Нет, героя здесь не понимали, 
И из стаи, как безумца, прогнали.
Но надо сказать, что он не горевал,
От постоянной борьбы он устал.
Сложно тех научить, кто слушать не хочет,
И над тобой постоянно хохочет.
Он летел по бульвару и песни пел
И нечаянно крылом ворону задел.
«Извините, меня»,- сказал воробей.
«Замолчи, несчастный плебей!»
Ворона на него нападала,
Воробья извинения она осмеяла.
Герой наш закрылся крылом,
А враги его столпились кругом.
Он хотел улететь, его прибили к земле,
Враги ведь превосходили в числе.
Клювами чёрными, острыми
Вороны убить бы смогли,
Но воробей хоть и мал,
Но крепок, потому не пропал.
Но сильно его исклевали,
Перья нещадно они вырывали.
Наш герой потерял сознание,
Хотел, чтобы закончилось это страдание.
Проснулся он в железной клетке,
В кормушке зёрнышки, водичка в пипетке.
Крыло измазано йодом и зелёнкой,
Весело прыгать не позволяют скромные силёнки.

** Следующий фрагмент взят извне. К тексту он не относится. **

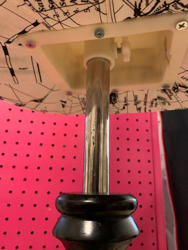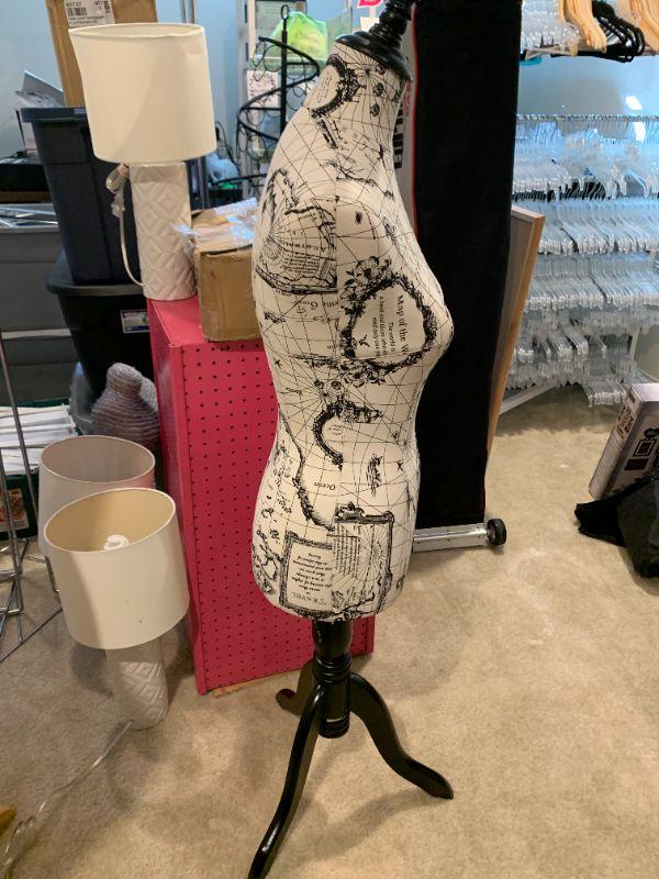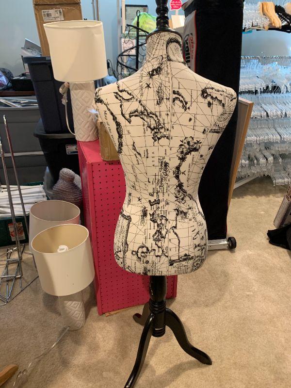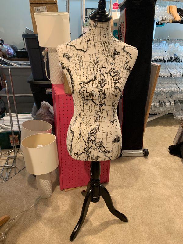 Printed map fabric female dress form with adjustable base. Base has a scratch as shown.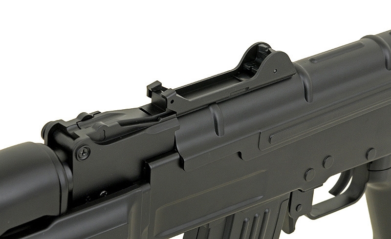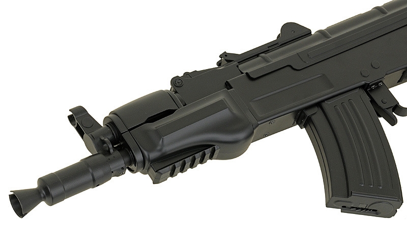 AK47 Tactical w/ Solid Stock, for this money this is an excellent Airsoft RIF. Although most of the externals are made from Polymer, the main components are alloy. We were surprised when we first shot this to feel how smooth the gun actually cycles. With a great power of 330fps straight out of the box, you really are set to go or have it as a backup for any other game day for when all else fails. Like most solid stock AK’s you have a considerable amount of space in the rear but we do recommend a space / aftermarket battery to compliment the one that comes with the gun as it is a cheap basic setup battery. The main usable points such as the sling points, outer barrel and all fitting screws and pins are alloy. A great AK to get into the sport or have as a go to back up item. You even have the option to fit a range of optics, torches and lasers up front on the 4x 20mm RIS / RAS rail sections. We are truly impressed with the performance of this straight out of the box.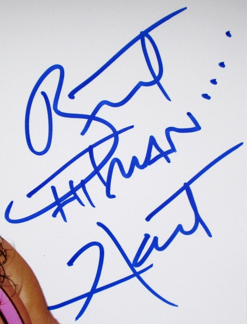 Photo measures 8" x 10" in size and has been hand-signed in blue felt-tip pen by Bret Hart.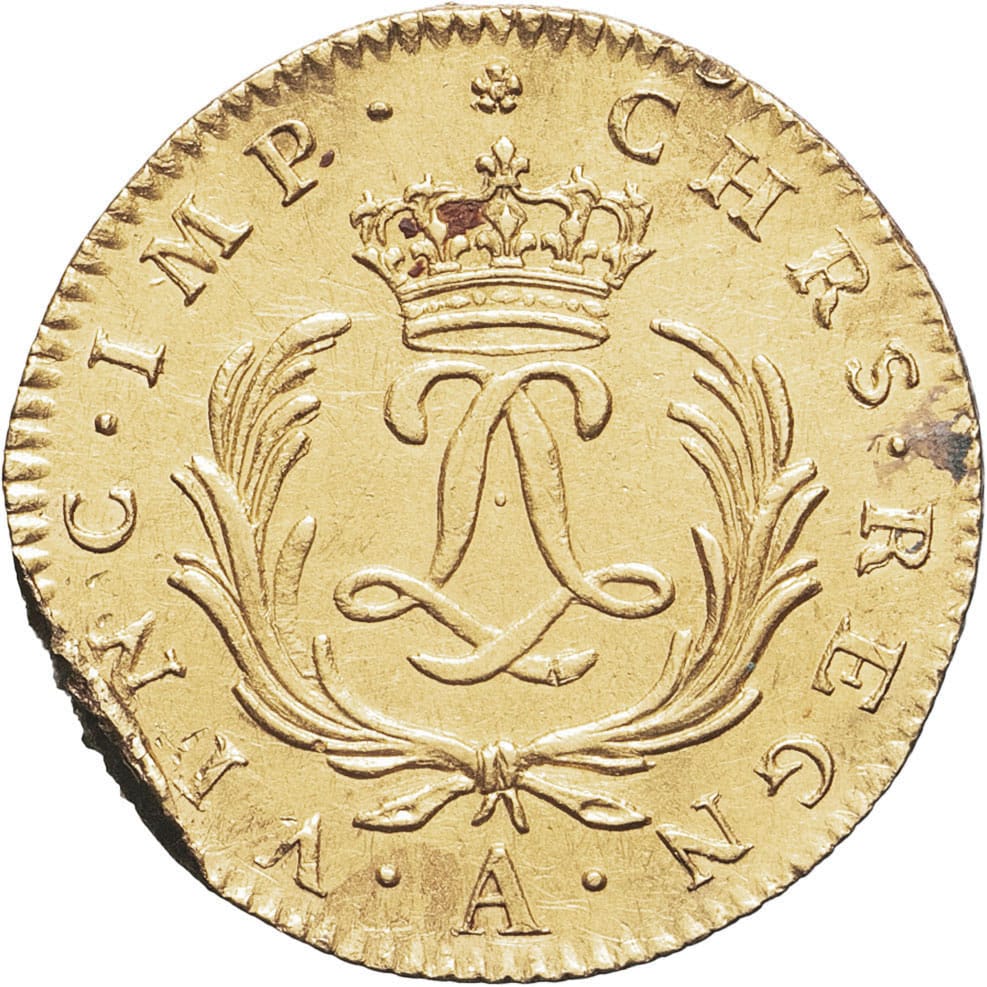 Rv. (différent) CHRS. REGN. - .VINC. IMP. Deux L cursives entrelacées, sous une couronne, entre deux palmes. Au-dessous (atelier).

Тут к нему и хозяйка пришла,
Нежно из клетки его извлекла.
Воробей встрепенулся в её добрых руках,
Больше его не терзал страх,
Оттого, что потерял он свободу,
Которую ему сменили на свежую воду.
Еле слышно запел,
Но песня не вышла, лишь прохрипел.
Но хозяйка была восхищена,
Не ожидала такого от хрипуна.
Шли дни. Герой мой лечился,
От девичьей ласки совсем приручился.
Она полюбила характер и песни его,
Воробья не смущало детское иго.
Девчонку ценил больше стаи своей,
Она оказалась смешней и теплей,
Чем те, с кем он жил много лет,
Побирушек и пустых приверед.
Он выздоровел, но не желал улетать,
Туда, где его готовы опять заклевать.
Воробью там хорошо, где его любят,
Где ласкают его и голубят.
А зачем жить там, где тебя презирают,
И во всех несчастьях и бедах тебя обвиняют,
Там, где нет настоящей любви,
А принят принцип «жри и дави».
Нет, лучше с любовью в неволе пожить,
Чем на свободе в одиночку бродить.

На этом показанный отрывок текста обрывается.